Catch phrase: CONFRONT WITH STRENGTH
The point: How are patient's view their pain or injury influences both their behaviours and their sensitivity. Finding ways to change this narrative can be helpful. It might also be relevant the idea of expectancy violation to change pain but I'll stay away from that topic for now.
Sometimes treating pain or disability is like trying to change your patients' favourite colour. They tell you they like Blue and you are convinced that they should start liking Red.
Changing opinions is tough and since "Pain is the opinion of the Brain" we have to change that opinion. But how do we change opinions? Just tell someone that they now like red? That doesn't usually work and can even lead to the backfire effect. (more reading here and some nice podcasts too).
As therapists we are often trying to change the false beliefs that our patients have about their body, their pain and what they think they can and can not do. Movement behaviours might be sensitizing the patient and those movement behaviours might be predicated upon a number of other factors. Addressing those factors allows those sensitizing movements to change. More specifically, finding those beliefs, especially ones that might be continuing to sensitize the patient, informs our choices of what type of pain education Key Messages you might want to deliver which in turn allows an enhancement of the other treatment options.
For example, the idea behind confronting with strength might be especially relevant for those who choose avoidance strategies for their pain. People may feel that they are weak and frail and that they have the most "messed up shoulder their doctor has ever seen". I believe that we should start with the assumption that our patients are strong, stable, robust and capable of adaptation.
How do you know your patient's can adapt? There are two criteria:
2. Not dead.
So now we can look for things to challenge their beliefs about their predicament. We are looking for things specific to the person that might lead them to reconsider their views of themselves. Two options are below (but there are certainly others):
1. From their history
Finding something in their history that might challenge their beliefs. Do they have good days on vacation? Was their pain better when they slept better? Have they had a couple of days where the pain was much less? Have they been forced to be physically active yet didn't really feel a lot of pain? Did their pain start without any physical trauma? Variations in pain or success with physical activity all lead to the notion that pain is different from damage or that pain might be more about sensitivity than injury. Or these anomalies in their history leads to the idea that physical activity and doing things that are meaningful to them are not only not damaging but can be helpful. We are almost trying to find something the patient might already know but we now "allow" them to believe it.
2. From their physical exam
Physical exams typically suck...for finding a structural source of nociception that is.
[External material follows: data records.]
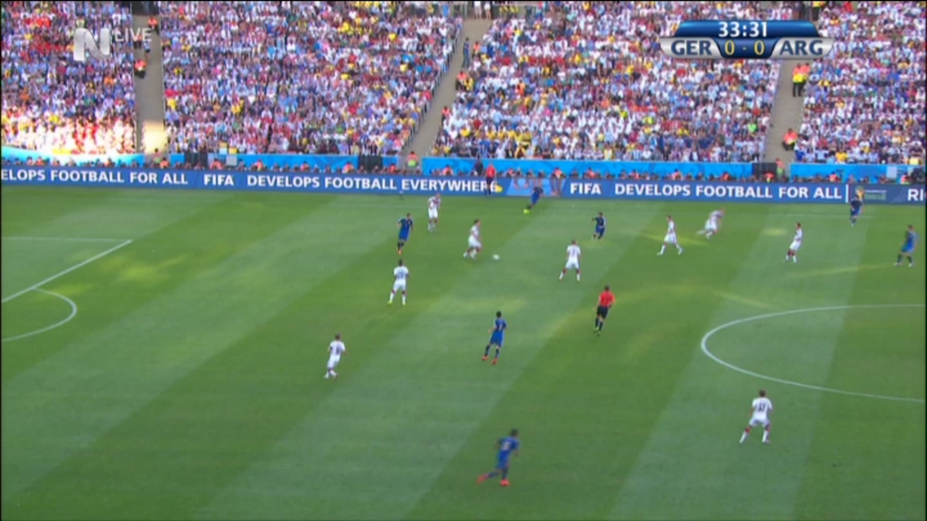 Μεγάλη μάχη γίνεται στο Μαρακανά με την Αργεντινή να κοντράρει στα ίσα τη Γερμανία, η οποία είναι θεωρητικά το φαβορί του τελικού του Μουντιάλ. Οι δύο ομάδες είχαν από μια σπουδαία ευκαιρία για να ανοίξουν το σκορ. Η Αργεντινή στο 21 με τον Ιγκουαϊν να πλασάρει άστοχα απέναντι από τον Νόιερ μετά από λάθος του Κροος και η Γερμανία στην εκπνοή του ημιχρόνου με τον Χέβεντες να στέλνει τη μπάλα στο αριστερό κάθετο δοκάρι του Ρομέρο μετά από κόρνερ.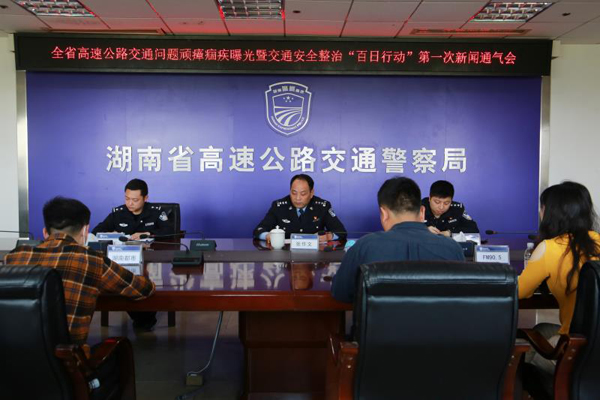 4月16日,湖南省高警局召开“全省高速公路交通问题顽瘴痼疾曝光暨高速公路交通安全整治‘百日行动’”第一次新闻通气会,曝光了自2019年10月以来,在湖南高速公路上客车超员违法累计2次以上的企业;通报了自4月13日交警总队部署开展高速公路交通安全整治‘百日行动’以来,查处的部分重点车辆违法情况及典型案例;并针对近期高速公路交通流量持续攀升的情况开展安全行车提示。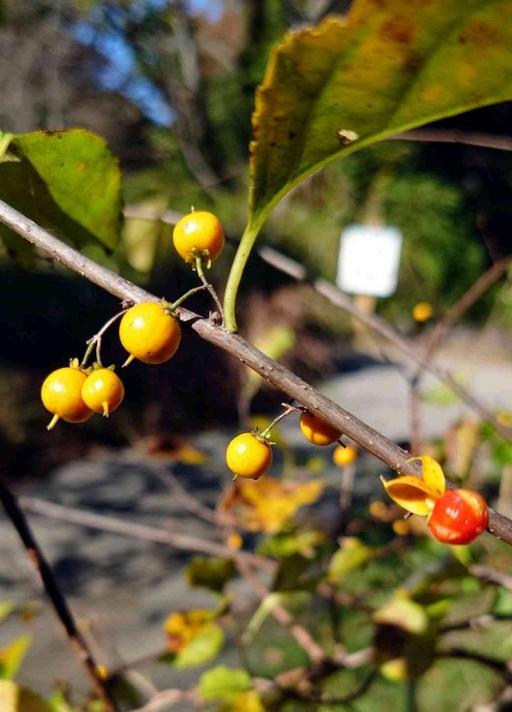 黄色いツルウメモドキの実が弾けて赤い実が顔を出しました🟡🔴🌿

We should totally try to rule out red flags and any tissue that requires healing or repair but after that they are pretty poor. Essentially, the tests just tell us what movement hurts. So how can we flip these tests? Lets find all things that are great about the exam. Like..."That is one sweet Neer's test you have there" or "You're SI joint is wonderfully stable"..."that is one luscious ACL" Or if you do a quick symptom modification test like a Scapular Assistance Test you point out how a subtle change means that their pain is certainly more about sensitivity than pain since there is no way they healed in 2 minutes.
There are certainly other ways to do this but in summary the steps might look like this:
1. Find the contributors or beliefs the patient has that might be sensitizing them
2. Consider what pain science key message might be relevant to reconceptualize their predicament
3. Consider what factors in their history or in their current abilities that reinforce that key message
This is essentially the biopsychosocial approach. Those three areas are addressed together and they each reinforce one another. No one ignores the bio here. We just amplify the mechanical components of our therapy with the other spheres.